The key bullish trigger would be a reclaim of $4,383. That would strengthen the case that buyers have regained control and that the recent decline was more of a shakeout than a clean trend continuation. The analyst also noted that a strong 1-hour candle closing below it with volume would be needed to make the bearish case more convincing. Translation: don’t call the breakdown until the market actually proves it.
Macro pressure is still hanging over gold
Even with the technical case for a bounce, the broader macro backdrop is still a headache for gold bulls. A hawkish Federal Reserve, a strong U.S. dollar, and easing geopolitical tensions all lean against a clean reversal.
The Federal Open Market Committee, or FOMC, is the Fed’s policy-setting arm. When it sounds hawkish, it usually means the central bank is more willing to keep rates elevated or stay restrictive for longer. That tends to support the dollar and pressure gold, since gold does not pay interest and often struggles when real yields remain elevated.
A stronger dollar also matters because gold is priced globally in U.S. dollars. When the dollar rises, gold can become more expensive for buyers using other currencies. That can dampen demand even if the chart looks like it wants to bounce. And when geopolitical fear cools off, one of gold’s classic safe-haven tailwinds loses force.
That’s the main counterpoint to the bullish chart setup: the technical picture may be hinting at a short-term squeeze, but the macro environment is not exactly rolling out the red carpet for a sustained breakout.
What could happen next
If the $4,136-$4,084 support zone holds, gold could stage a short-term rebound toward $4,383 and possibly $4,400. That would fit the analyst’s view that sellers may be trapped after leaning too hard into the downside.

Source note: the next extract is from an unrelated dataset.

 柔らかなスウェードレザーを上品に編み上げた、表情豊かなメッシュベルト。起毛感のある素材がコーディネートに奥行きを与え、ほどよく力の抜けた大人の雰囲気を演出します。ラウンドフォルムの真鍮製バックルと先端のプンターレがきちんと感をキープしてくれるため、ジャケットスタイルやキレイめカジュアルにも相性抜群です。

If the support zone breaks cleanly, the bearish crowd gets what it wants: a move toward $4,025 and then $4,000. In that case, the market would be telling traders that the correction still has room to run and that the recent bounce setup was just noise.

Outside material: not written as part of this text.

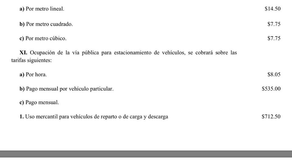 A lo anterior se le suma que de 7 paso a 10 pesos la tarifa por hora para estacionamiento, y en la Ley Municipal de Ingresos publicada el 18 de diciembre en el Diario Oficial del Estado fue aprobado que sólo aumentaría un peso, pero no fue así, el edil, Carlos Peredo en su propia defensa dijo ante los medios de comunicación que existe ignorancia, debido a que el Cabildo está facultado para hacer las modificaciones, no obstante demostró su falta de compromiso y su burla hacia los usuarios y ciudadanos en general, con el único afán de fortalecer los ingresos en las arcas municipales.

There’s no need to overcomplicate it. Gold is sitting at a decision point. The chart says a squeeze higher is possible. The macro backdrop says be careful, because the path of least resistance may still be lower unless buyers prove otherwise.
Key takeaways
- Gold has corrected more than 25% from January highs above $5,600 to around $4,155.
- Itsadiee_Fx expects a bullish weekly candle next week if support holds.

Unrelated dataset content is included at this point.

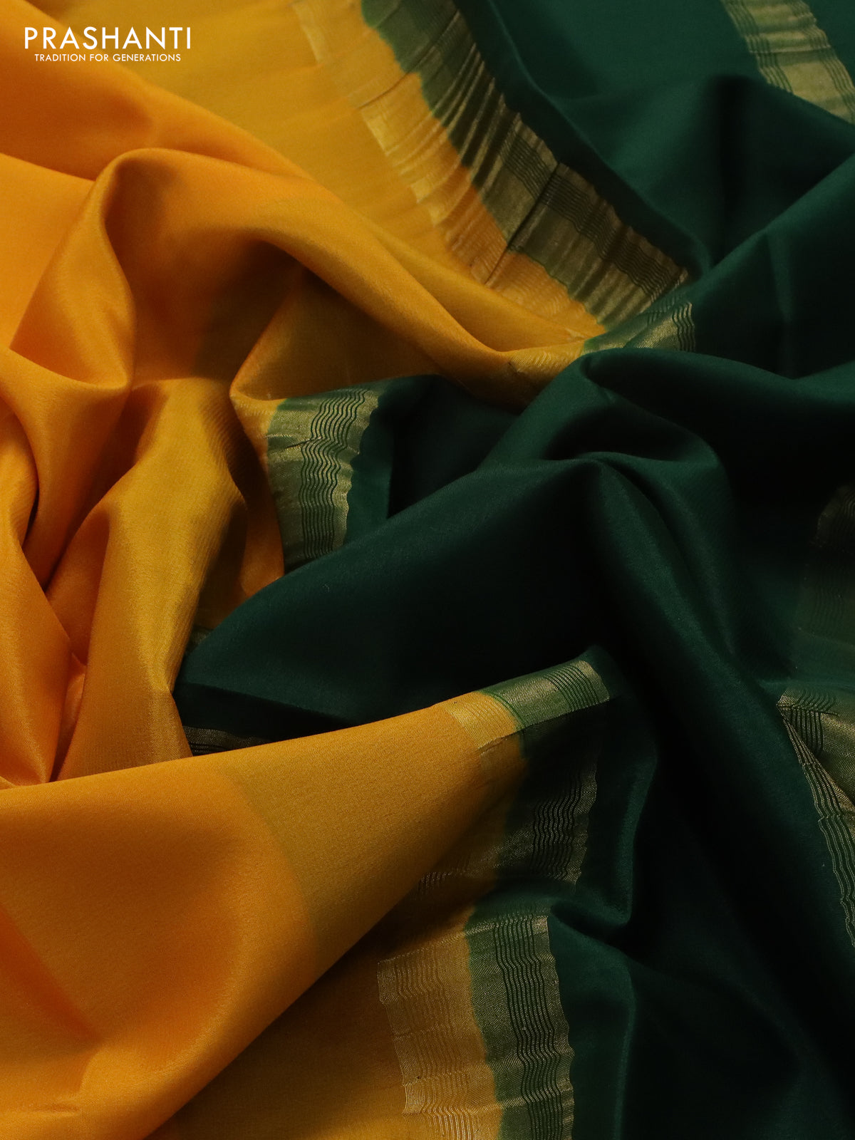 Pure mysore silk saree mango yellow and green with plain body and zari woven border

- $4,136-$4,084 is the key support zone to watch.
- $4,383 remains the main resistance level and a reclaim there would strengthen the bullish case.
- $4,000 remains the major downside target if support breaks.
- Hawkish Fed policy, dollar strength, and easing geopolitical tensions still weigh on the gold price forecast.
Gold price prediction Q&A
What is the short-term outlook for gold?
Gold could stage a short-term rebound next week if the $4,136-$4,084 support zone holds.
Why are traders watching $4,000?
It is a major psychological level and a natural target if the current support band fails.
Why does the analyst think sellers may be trapped?
Because sentiment is heavily bearish and recent price action suggests downside momentum may be tiring.
What is a liquidity sweep?
It is a move that briefly breaks below a low to trigger stop-loss orders before price reverses.
What would confirm the bullish case?
A reclaim of $4,383, especially with strong price action and follow-through.
What would strengthen the bearish case?
A clean break below $4,136-$4,084, ideally confirmed by a strong lower-timeframe close with volume.
What macro factors are pressuring gold?
A hawkish Federal Reserve, a strong U.S. dollar, and easing geopolitical tensions.
Is a bounce guaranteed?
No. The technical setup is plausible, but macro conditions still make a clean upside reversal far from certain.